Son homonyme Aïda Mbodj était plus insolente encore. On l'a entendue, pendant la campagne pour l'élection présidentielle de 2000, traiter Me Wade de tous les noms, y compris de Fantomas. Elle était même allée plus loin, en lançant à son adversaire (du Pds), au cours d'un débat radiodiffusé : «Toppal fale ! Xam ngéén ne séén boroom gimiñ gu mokk gi du fi nekk Président de la République !» Ce qui, traduit, donne : «Vous perdez votre temps ! Avec sa bouche édentée, votre candidat ne sera jamais président de la République du Sénégal.» Mme Aïda Mbodj est aujourd'hui ministre de la Femme, de la Famille et du Développement social dans le Gouvernement de Me Wade, pendant que le militant des premières heures du Pds, Papa Diouf, avec qui elle partage la même ville, est exclu définitivement de ce parti, pour avoir été étiqueté ami de l'ancien Premier ministre Idrissa Seck.

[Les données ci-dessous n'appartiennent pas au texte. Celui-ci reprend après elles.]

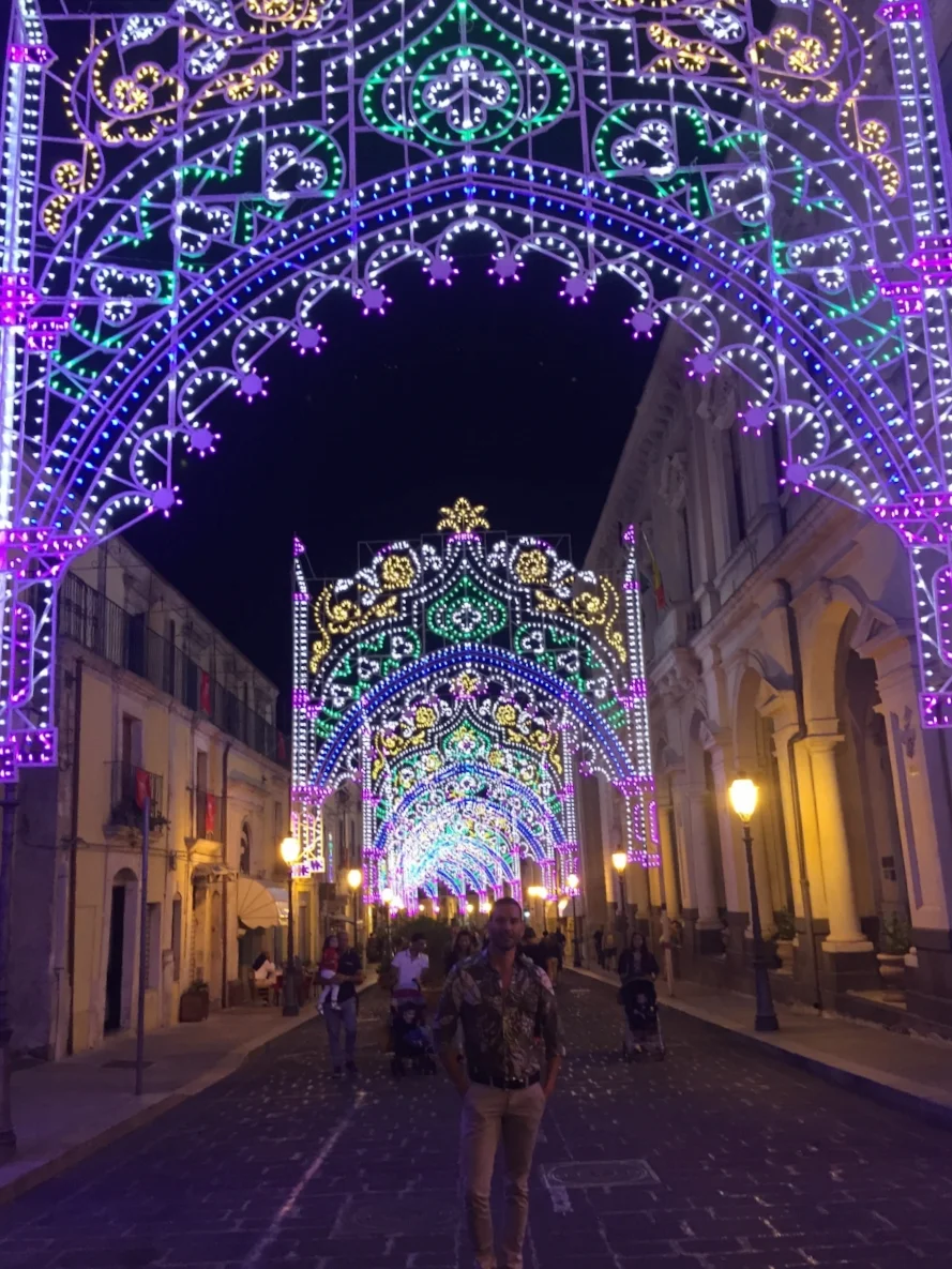 Verso l’entroterra un altra tappa è stata Palazzolo Acreide, sopratutto vissuta di sera durante i festeggiamenti di San Sebastiano (il santo dal quale prenderà il nome mio figlio), celebrazioni che durano per ben 10 giorni, in cui la città è in perenne festa con addobbi che farebbero invidia anche alle decorazioni natalizie dei paesi nordici. È stato un peccato non aver potuto viverla nei giorni precedenti al mio arrivo, perché mi sono perso tutte le diverse parate.

Me Wade a donc vraiment une logique que la logique ne connaît pas. (…)
Nous aurions également pu nous étendre longuement sur les cas flagrants de mauvaise gestion de Sada Ndiaye, de son «pays» Adama Sall et de nombreux autres mauvais gestionnaires socialistes qui ont détalé comme des lièvres dès le lundi 20 mars 2000, pour aller se réfugier sous le parapluie du Pds et se faire blanchir de toutes fautes. En accueillant ces «déchets» du Ps et en les nommant à d'importants postes de responsabilité, aussi bien au niveau du Gouvernement, de l'Administration que du Pds, Me Wade a trahi l'esprit et la lettre de l'alternance et du Sopi. Il a profondément déçu les 58 % de Sénégalaises et de Sénégalais qui avaient porté leur choix sur lui, avec l'espoir qu'il apporterait des changements profonds et qualitatifs à notre pays qui en avait tant besoin.